I’m trying to set up a global JULES simulation on JASMIN, and I got my suite (u-cj307) to build and run on JASMIN. However, I checked on its progress now after about two hours of runtime, and the suite doesn’t create any output. Many thanks for your help!
It looks like you have a limit of 24 tasks at once on your job, but you’re trying to run 40 tasks. Maybe this is the issue? Also, you got rid of the SLURM run constraint of '–constraint = “ivybridge128G” '. Maybe you are now trying to get it running on a different type of processor than it was compiled on? These are just some ideas.
In order to get it working, you might try running for a very short time (1 day?) and a very short wall clock time (15 minutes?), with a very few number of processors (1 processor maybe? or 2 processors?). That way it gets through the submission cycle much more quickly, and it should produce a complete set of output.
It also looks like your app/jules/rose-app.conf file is using mpirun.lotus instead of mpirun . Maybe that makes a difference?
Many thanks for your help! Those settings are still remnants of the suite I used as a template, I’ve corrected them now. I should have looked through the files more carefully, sorry about that!

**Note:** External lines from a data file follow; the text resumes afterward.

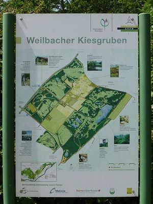 Ende der 1970er Jahre stellten die Weilbacher Kiesgruben eine durch ungeordneten Kiesabbau geprägte Landschaft dar. Sie wurden als wilde Mülldeponie und für Moto-Cross-Rennen genutzt. Zur Beseitigung dieser Landschaftsschäden durch eine sinnvolle Rekultivierung gründeten im Jahr 1980 die Stadt Flörsheim, der Main-Taunus-Kreis und der damalige Umlandverband Frankfurt die Gesellschaft zur Rekultivierung der Kiesgrubenlandschaft Weilbach mbH . Später traten die Städte Hattersheim und Hochheim der Gesellschaft bei. 1991 wurde das Naturschutzhaus Weilbacher Kiesgruben eröffnet, welches eine bedeutende Umweltbildungseinrichtung im Rhein-Main-Gebiet darstellt.
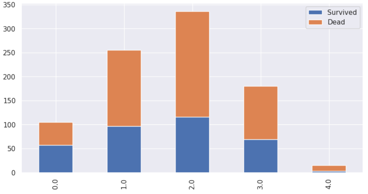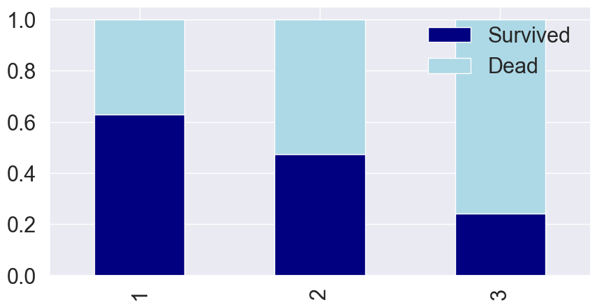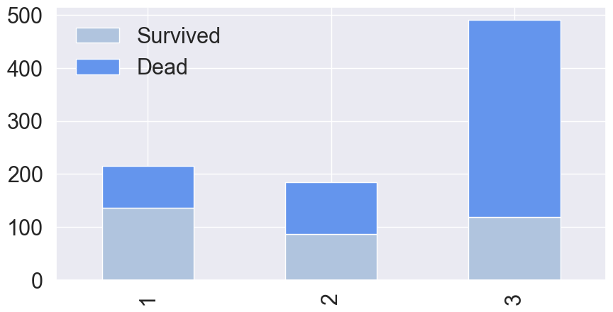 위에서 확인한 대로 높은 등급일수록, 젊을수록, 여성일수록 생존자가 많음을 다시 한번 확인할 수 있습니다.
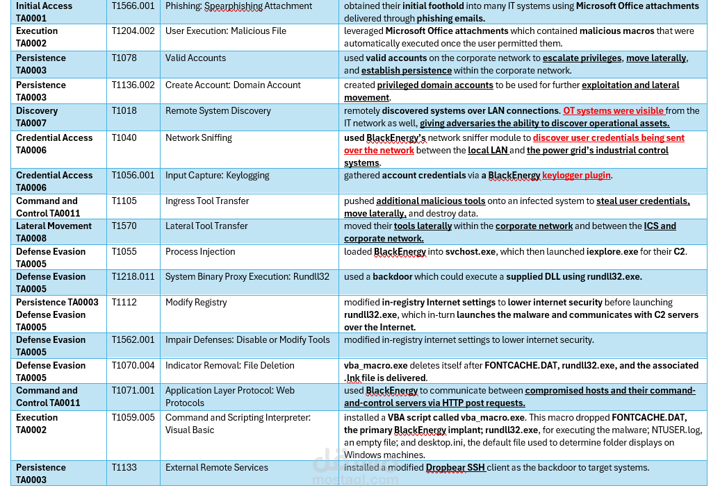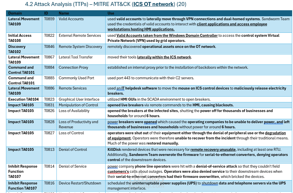 3- تحليل تفصيلي لتقنيات وأساليب المهاجمين (TTPs) عبر بيئتي IT وOT.
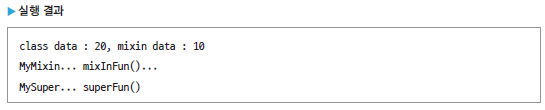 이렇게 보면 믹스인과 클래스는 별 차이가 없는 것 같습니다. 그러나 클래스는 객체를 생성할 수 있지만, 믹스인은 객체를 생성할 수 없습니다. 결국 믹스인은 독립적으로 이용할 수 없으며 다른 클래스에서 공통으로 사용할 변수나 함수를 믹스인에 담아 두고 필요한 클래스에서 with로 연결해서 사용합니다.

I had already reduced the running time but not to that degree. I assumed if the suite got to that point, it’d run successfully. I’ve reduced the runtime now and submitted to the test queue with 1 node, but the result is the same. The suite is running but there’s no output. Does that mean it is stuck in a loop or something like that? Because there should at least be the initial dump file, shouldn’t it?
You can try running it from the suite in the background instead of on SLURM, for a very short job on cylc1. Then there is no queueing and also maybe it will work better. It could be that the libraries and modules that you are loading are not getting loaded properly. You can look at one of the NGC suites for examples of the module loading (in 2-3 separate files in the suite) and of the running in the background.
Thanks again for your help! I tried running the JULES task in the background, but the result is the same.
I’ve now checked out a copy of your suite u-as052, which is mentioned as the example suite on the Reading website. I probably should have looked for that first. The suite, u-cj369, runs successfully, so I’m trying to adapt it to the setup I need to run. That involves switching to the trunk version of JULES, but that causes fcm_make to fail because it can’t find make.cfg:
[FAIL] config-file= - https://code.metoffice.gov.uk/svn/jules/main/trunk/etc/fcm-make/make.cfg
[FAIL] https://code.metoffice.gov.uk/svn/jules/main/trunk/etc/fcm-make/make.cfg: cannot load config file
[FAIL] https://code.metoffice.gov.uk/svn/jules/main/trunk/etc/fcm-make/make.cfg: not found
[FAIL] svn: E215004: Authentication failed and interactive prompting is disabled; see the --force-interactive option
[FAIL] svn: E215004: Unable to connect to a repository at URL 'https://code.metoffice.gov.uk/svn/jules/main/trunk/etc/fcm-make/make.cfg'
[FAIL] svn: E215004: No more credentials or we tried too many times.
[FAIL] Authentication failed
[FAIL] fcm make -f /work/scratch-pw/mtodt/cylc-run/u-cj369/work/1/fcm_make/fcm-make.cfg -C /home/users/mtodt/cylc-run/u-cj369/share/fcm_make -j 4 # return-code=1
That URL exists, though. I’ve switched to a JULES version I had checked out on JASMIN (v6.0), which works for fcm_make. I’ll keep this ticket updated on the progress and issues that might/will pop up.
The failure results from a connection to MOSRS issue - it worked for me:
glister@cylc1$ fcm ls https://code.metoffice.gov.uk/svn/jules/main/trunk/etc/fcm-make/make.cfg
Please check your MOSRS connection.